Top of Provided data

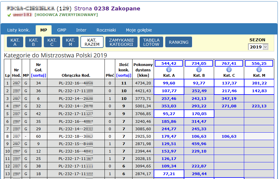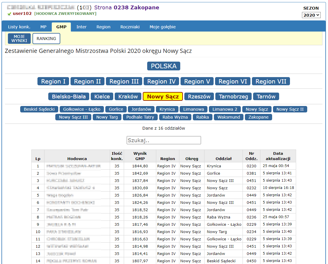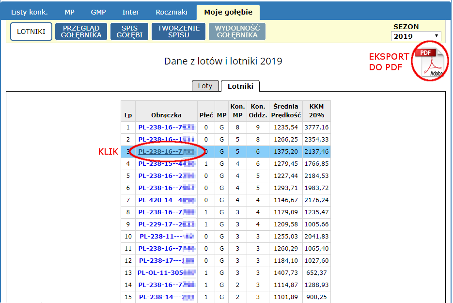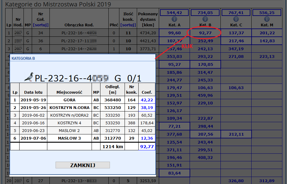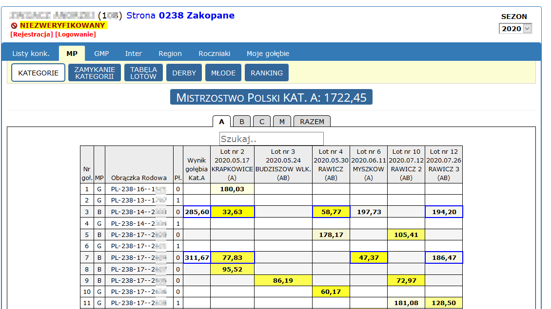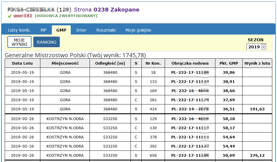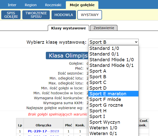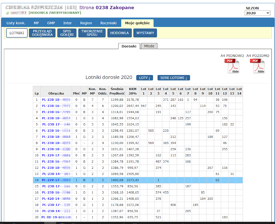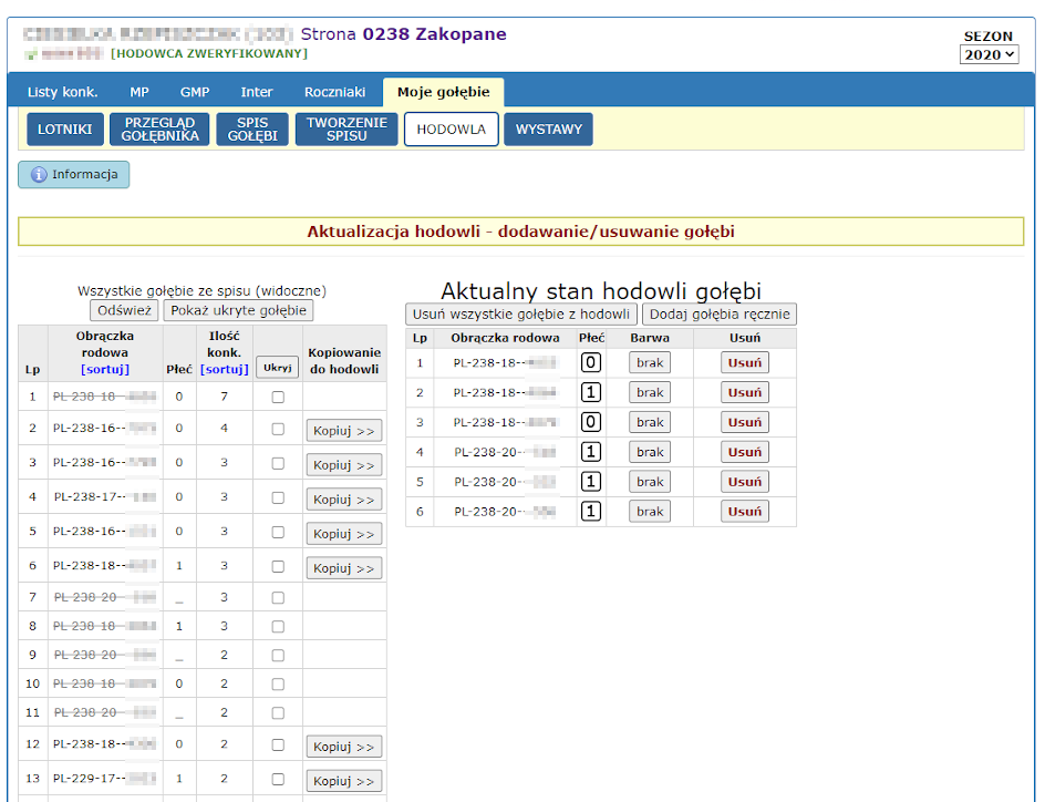 Do wglądu listy gołębi własnych oraz interaktywne listy konkursowe z możliwością filtrowania po nazwisku hodowcy, a nawet po numerze obrączki.
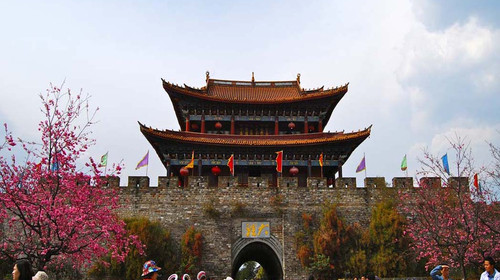 随后游览【大理古城】(60分钟)(不含大理古城古维费30元/人,不含大理古城电瓶车35元/人)大理古城又名叶榆城、紫禁城、中和镇。古城其历史可追溯至唐天宝年间,南诏王阁逻凤筑的羊苴咩城(今城之西三塔附近),为其新都。现在的古城始建于明洪武十五年(公元1382年),古城外有条护城河,古城四周有城墙,东、西、南、北各设一门,均有城楼,四角还有角楼。解放初,城墙均被拆毁,1982年,重修南城门,门头“大理”二字是集郭沫若书法而成。城内街道为典型的棋盘式布局,街巷间有一些老宅,也仍可寻昔日风貌,庭院里花木扶疏,鸟鸣声声,户外溪渠流水淙淙。“三家一眼井,一户几盆花”的景象依然。
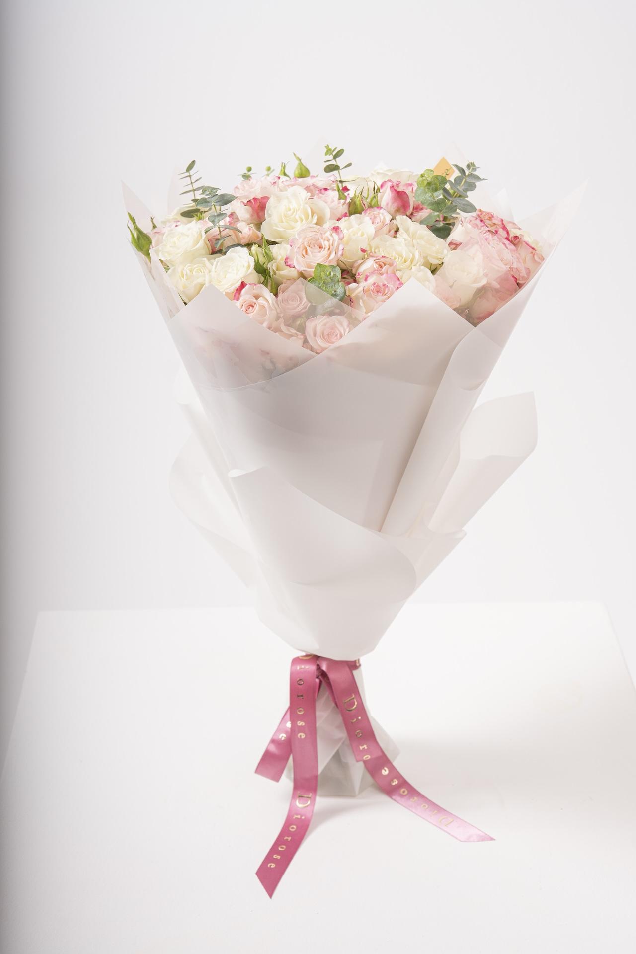 Rosy White - Spray Rose Bouquet with Eucalyptus
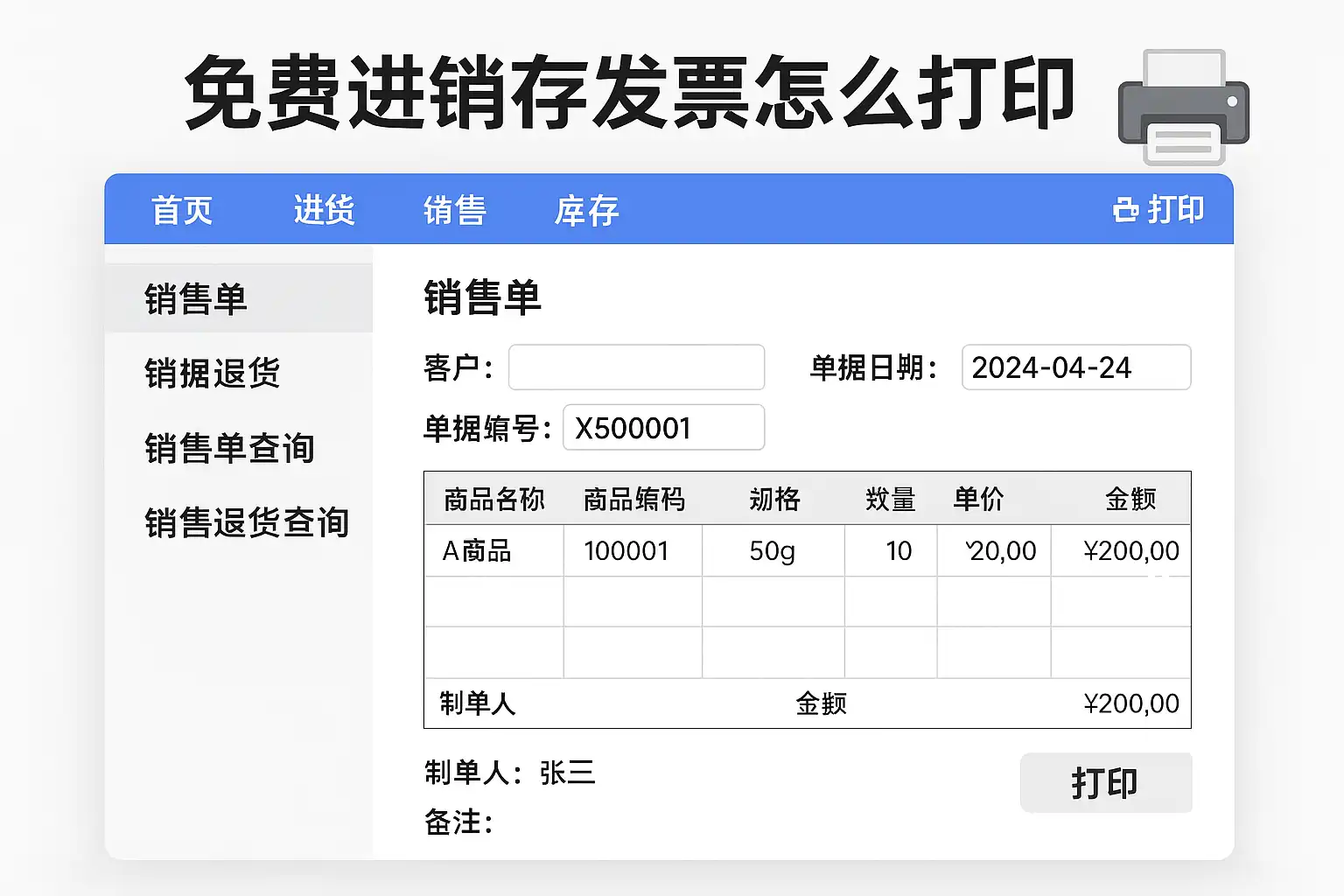 我刚开始使用免费的进销存软件,想知道如何快速打印发票。有没有简单易懂的步骤指导?打印过程中需要注意哪些细节?
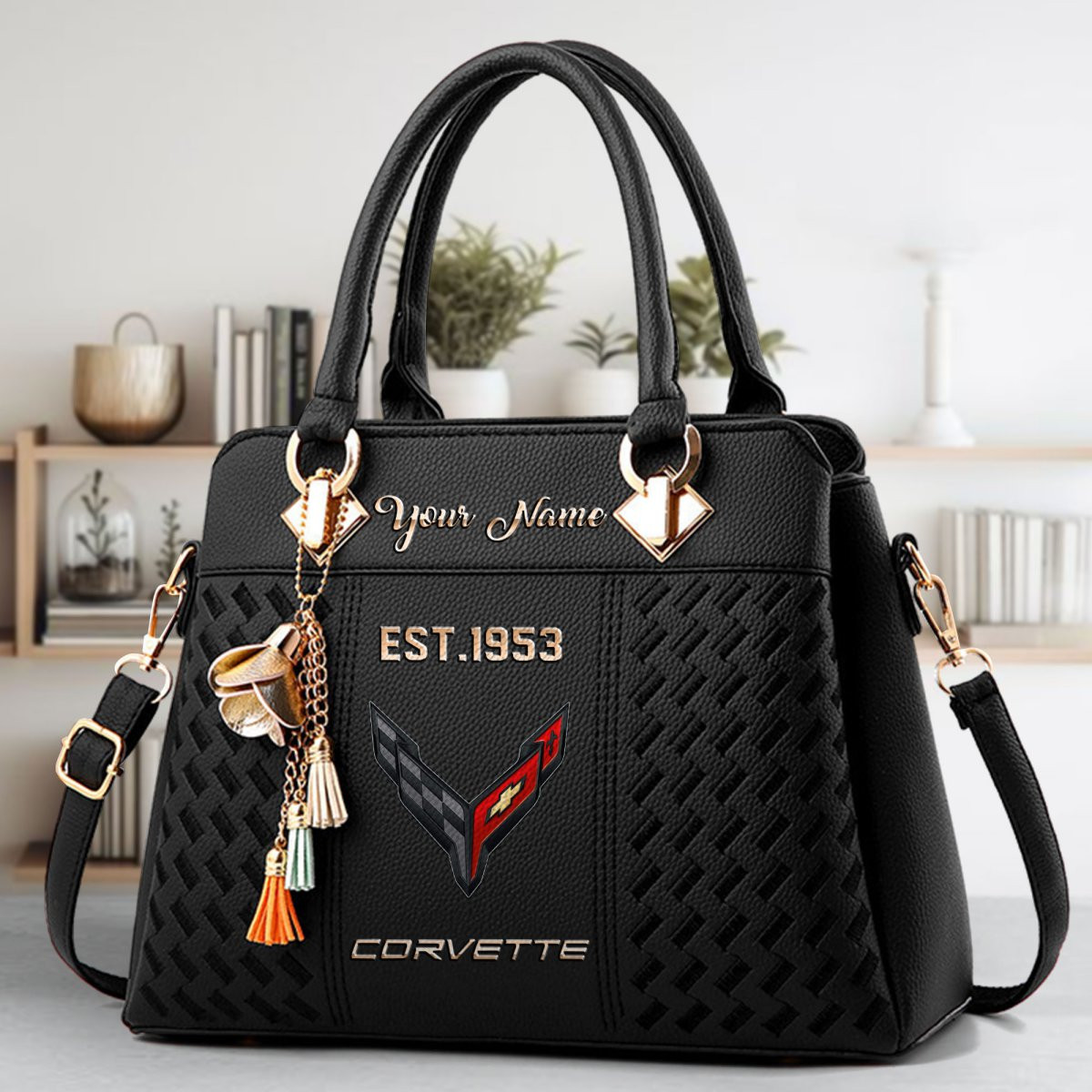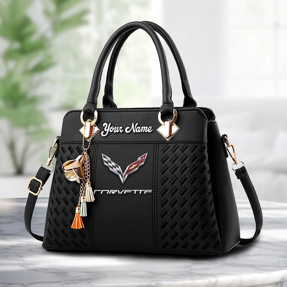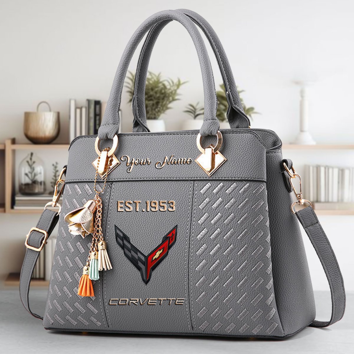 Chevrolet Corvette Logo Personalized PU Leather Handbag Custom Name For Women
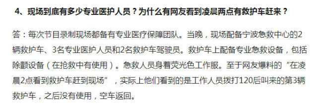 对于当时的现场,该总监也进行了还原,凌晨1点26分左右高以翔开始录制,到1点30分52秒躺倒发生异样,倒地1分46秒现场医护人员就已经赶到实施抢救,随后送往医院。当天也有相关的急救设备,急救人员穿着荧光色工作服。
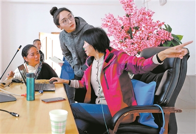 培訓(xùn)過程中,授課專家、中國教育科學(xué)研究院教師發(fā)展研究所副所長卿素蘭博士(右一)由于高原反應(yīng),身體出現(xiàn)不適,桑丁卓瑪臨時客串起“助教”,幫助調(diào)試教學(xué)設(shè)備、進(jìn)行范文朗讀等。

Bottom of Provided data

▸ What the task asks
The response must match the data line for line, from its first line through the line with "Rosy White - Spray", inclusive, and must leave out the pictures.

▸ Response box
 Do wglądu listy gołębi własnych oraz interaktywne listy konkursowe z możliwością filtrowania po nazwisku hodowcy, a nawet po numerze obrączki.
 随后游览【大理古城】(60分钟)(不含大理古城古维费30元/人,不含大理古城电瓶车35元/人)大理古城又名叶榆城、紫禁城、中和镇。古城其历史可追溯至唐天宝年间,南诏王阁逻凤筑的羊苴咩城(今城之西三塔附近),为其新都。现在的古城始建于明洪武十五年(公元1382年),古城外有条护城河,古城四周有城墙,东、西、南、北各设一门,均有城楼,四角还有角楼。解放初,城墙均被拆毁,1982年,重修南城门,门头“大理”二字是集郭沫若书法而成。城内街道为典型的棋盘式布局,街巷间有一些老宅,也仍可寻昔日风貌,庭院里花木扶疏,鸟鸣声声,户外溪渠流水淙淙。“三家一眼井,一户几盆花”的景象依然。
 Rosy White - Spray Rose Bouquet with Eucalyptus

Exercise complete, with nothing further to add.